## Posts

Comment by mcoram on Open Thread for February 11 - 17 · 2014-02-14T04:17:10.332Z · score: 1 (1 votes) · LW · GW

It's certainly in the right spirit. He's reasoning backwards in the same way Bayesian reasoning does: here's what I see; here's what I know about possible mechanisms for how that could be observed and their prior probabilities; so here what I think is most likely to be really going on.

Comment by mcoram on Open Thread for February 11 - 17 · 2014-02-13T03:23:37.076Z · score: 0 (0 votes) · LW · GW

Thanks Emile,

Is there anything you'd like to see added?

For example, I was thinking of running it on nodejs and logging the scores of players, so you could see how you compare. (I don't have a way to host this, right now, though.)

Or another possibility is to add diagnostics. E.g. were you setting your guess too high systematically or was it fluctuating more than the data would really say it should (under some models for the prior/posterior, say).

Also, I'd be happy to have pointers to your calibration apps or others you've found useful.

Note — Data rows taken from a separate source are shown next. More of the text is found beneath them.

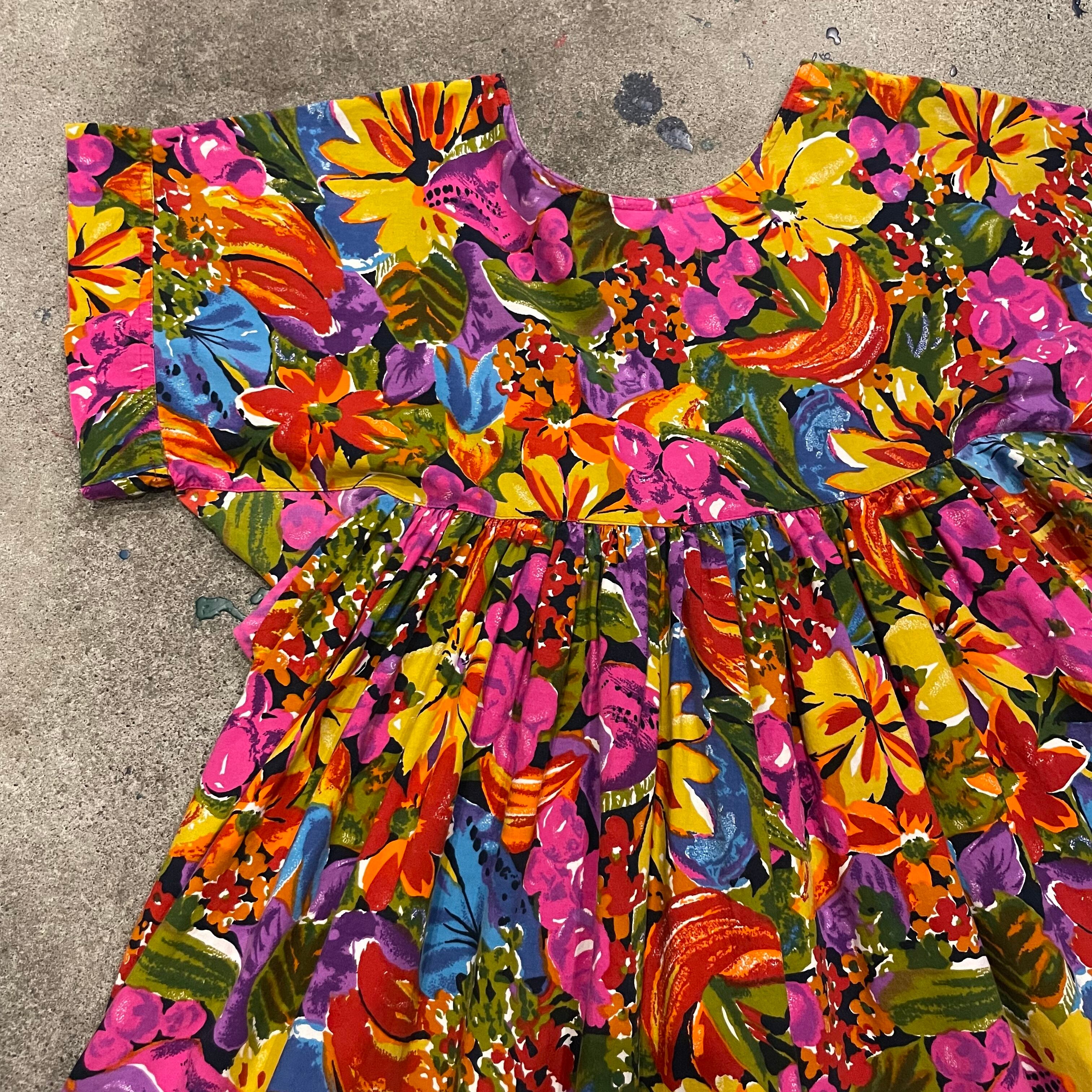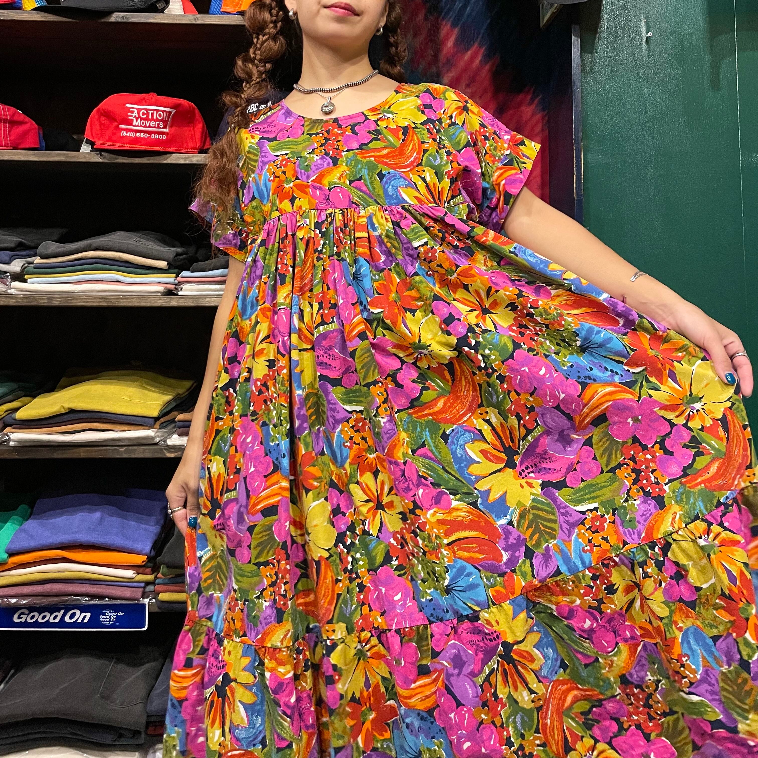 しっかり厚手のコットン素材の胸下切り替えでボリュームのあるシルエットがかわいいですし、両サイドにポケットが付いていて便利だと思います。一枚で着てもかわいいですし、ロングスカートを重ねても良さそうですね!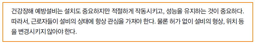 ▣ 건강에 영향을 미칠 수 있는 설비나 기계에는 건강장해 예방을 위한 조치를 해야 한다.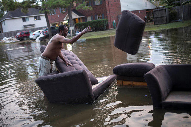 Vince Ware moves his sofas onto the sidewalk from his house which

Comment by mcoram on Alternative to Bayesian Score · 2014-02-12T05:03:48.449Z · score: 0 (0 votes) · LW · GW

Here's the "normalized" version: f(x)=1+log2(x), g(x)=1+log2(1-x) (i.e. scale f and g by 1/log(2) and add 1).

Now f(1)=1, f(.5)=0, f(0)=-Inf ; g(1)=-Inf, g(.5)=0, g(0)=1.

Ok?

Comment by mcoram on Open Thread for February 11 - 17 · 2014-02-12T01:17:07.214Z · score: 7 (7 votes) · LW · GW

I've written a game (or see (github)) that tests your ability to assign probabilities to yes/no events accurately using a logarithmic scoring rule (called a Bayes score on LW, apparently).

There's a couple other random processes to guess in the game and also a quiz. The questions are intended to force you to guess at least some of the time. If you have suggestions for other quiz questions, send them to me by PM in the format:

{q:"1+1=2. True?", a:1} // source: my calculator

where a:1 is for true and a:0 is for false.

Comment by mcoram on Alternative to Bayesian Score · 2014-02-11T23:53:54.963Z · score: 0 (0 votes) · LW · GW

There's no math error.

Why is it consistent that assigning a probability of 99% to one half of a binary proposition that turns out false is much better than assigning a probability of 1% to the opposite half that turns out true?

I think there's some confusion. Coscott said these three facts:

Let f(x) be the output if the question is true, and let g(x) be the output if the question is false.

f(x)=g(1-x)

f(x)=log(x)

In consequence, g(x)=log(1-x). So if x=0.99 and the question is false, the output is g(x)=log(1-x)=log(0.01). Or if x=0.01 and the question is true, the output is f(x)=log(x)=log(0.01). So the symmetry that you desire is true.